US and Britain split over crypto collaboration, sources say


By Phoebe Seers and Elizabeth Howcroft

LONDON/PARIS, March 4 (Reuters) – British and U.S. regulators are divided over how to test blockchain-based versions of financial securities, with Britain pushing for a more cautious approach in talks ‌aimed at boosting crypto collaboration, sources said.

The U.S. and Britain announced in September a taskforce for reducing regulation for ‌companies seeking to access each other’s markets and to improve digital asset cooperation.

The split shows how financial regulators globally have to contend with a ​pro-crypto U.S. under President Donald Trump. The U.S. has eased crypto regulation and encouraged cryptocurrency adoption.

Britain also wants to expand its digital assets industry, but some UK regulators, such as the Bank of England, are cautious about moving too quickly.

The U.S. and Britain are already in broad agreement on the taskforce’s aims, including working towards closer alignment of rules for stablecoins, digital assets ‌backed by actual currencies.

But Britain’s preference for ⁠testing joint work on tokenised securities – blockchain-based versions of financial assets such as stocks or bonds – via a so-called “sandbox” emerged as an obstacle when the regulators met earlier this year, two sources ⁠who attended the discussions said.

Regulatory sandboxes are used by Britain’s financial watchdog to test innovative financial products in a controlled environment.

A U.S. Securities and Exchange Commission representative at the meeting in January this year expressed concern about using a sandbox, citing doubts about ​the ​commercial viability for participants and its potential impact on innovation, the ​two sources, who attended the January meeting of ‌the Transatlantic Taskforce for Markets of the Future, said.

The SEC is weighing a different approach to tokenisation, known as “exemptive relief”, which has the backing of the U.S. crypto industry, the sources said, asking for anonymity because the talks were private.

The SEC told Reuters it would continue working with the UK “to build consensus and harmonize rules for international market participants”, adding there was “significant opportunity to align our frameworks to support the future of finance.”

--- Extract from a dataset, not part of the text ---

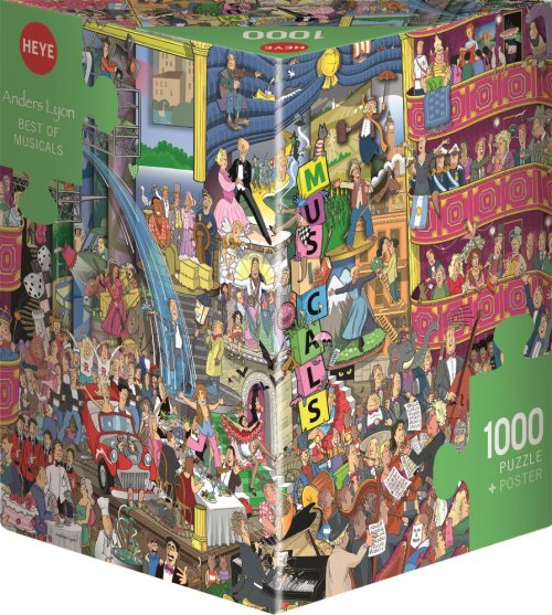 Puzzle od karikaturistu menom Lyon v netradičnej trojbokej krabici, ktorá obsahuje plagát ako predlohu na skladanie. Rozmer zloženého puzzle cca 70 x 50 cm

The BoE and UK finance ministry declined ‌to comment. The U.S. Treasury did not respond to a request for ​comment.

The FCA said sandboxes can be valuable as the two countries ​develop capital markets and payments systems while “maintaining trust and ​integrity.”

Regulatory sandboxes give firms “space to test new ideas in a live but controlled environment and ‌helping us understand emerging risks and opportunities,” the FCA ​said.

Tokenisation’s supporters say it can ​be more efficient and cheaper, but regulators say tokenised stocks create new risks for investors and could harm market integrity.

Both sides of the taskforce also want to agree on reciprocity, so that companies regulated in one ​market will be able to transact in ‌tokenised stocks in the other with limited additional checks, the two sources said.

The taskforce will report ​its recommendations by the summer.